Transcribe the full listing below, word for word, without pictures.

> **DATA BELOW**:

☆ ☆ ☆ ☆ ☆

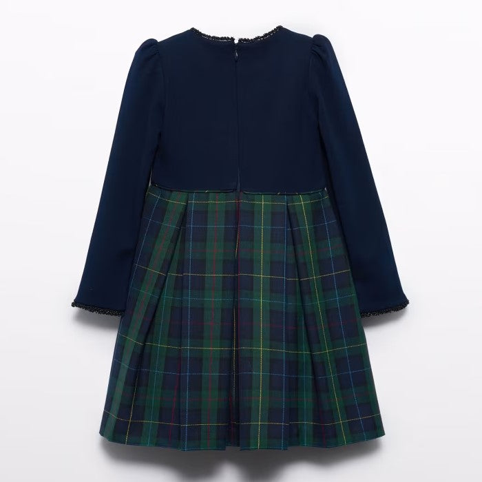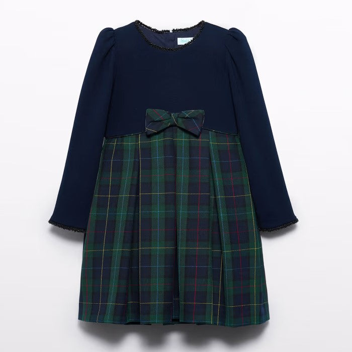 Vestido Abel & Lula em pinturas de tecidos de fantasia na parte inferior, arco aplicado, contas aplicadas aos punhos e à tripulação, fechamento de zíper na parte traseira, forro interno de algodão.
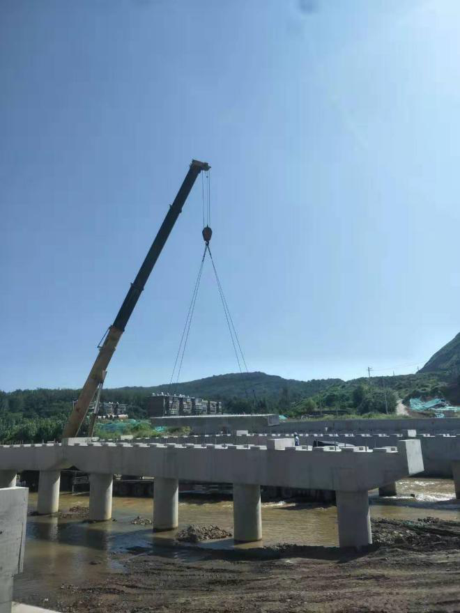 博山區(qū)北山路孝婦河橋第一片預(yù)應(yīng)力空心板梁成功架設(shè)
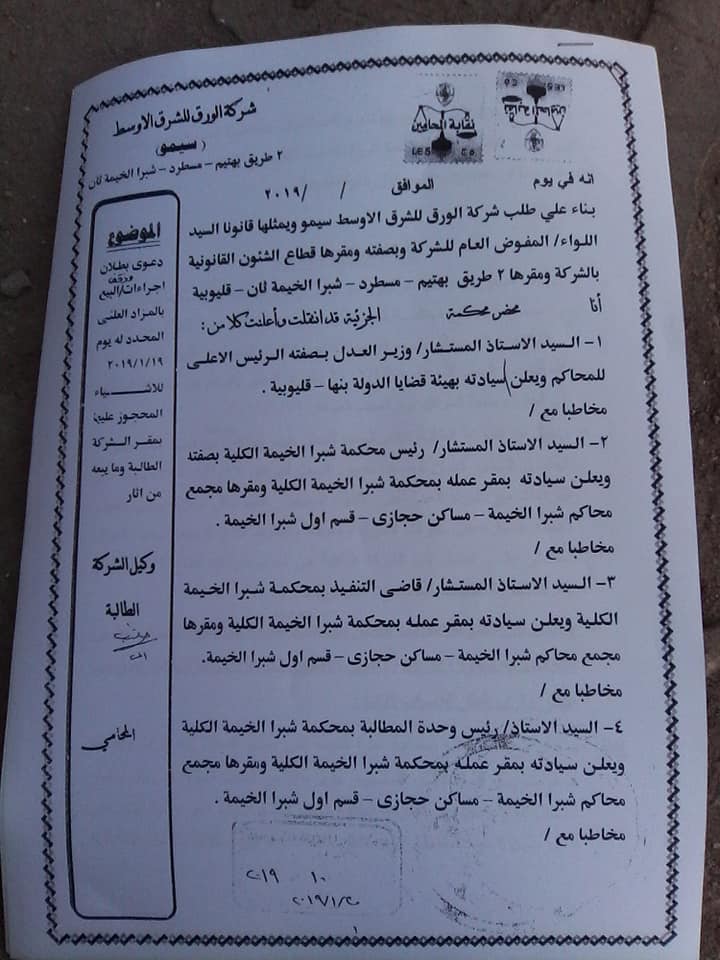 وحينها اقام العمال واللجنة العليا برفع قضية علي المستثمر وقام المستثمر برفع 5 قضايا ولكن القضاء انتصر للعمال ومصلحة البلاد وحكمت لصالح العمال في 15/3/2014 وقد
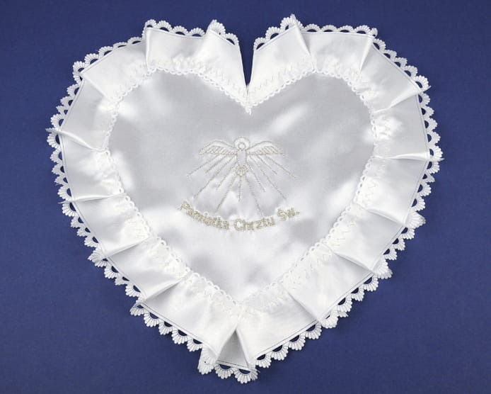 SZATKA DO CHRZTU W KSZTAŁCIE SERCA - SREBRNY HAFT

☆ ☆ ☆ ☆ ☆

> **OUTPUT BELOW**:
 Vestido Abel & Lula em pinturas de tecidos de fantasia na parte inferior, arco aplicado, contas aplicadas aos punhos e à tripulação, fechamento de zíper na parte traseira, forro interno de algodão.
 博山區(qū)北山路孝婦河橋第一片預(yù)應(yīng)力空心板梁成功架設(shè)
 وحينها اقام العمال واللجنة العليا برفع قضية علي المستثمر وقام المستثمر برفع 5 قضايا ولكن القضاء انتصر للعمال ومصلحة البلاد وحكمت لصالح العمال في 15/3/2014 وقد
 SZATKA DO CHRZTU W KSZTAŁCIE SERCA - SREBRNY HAFT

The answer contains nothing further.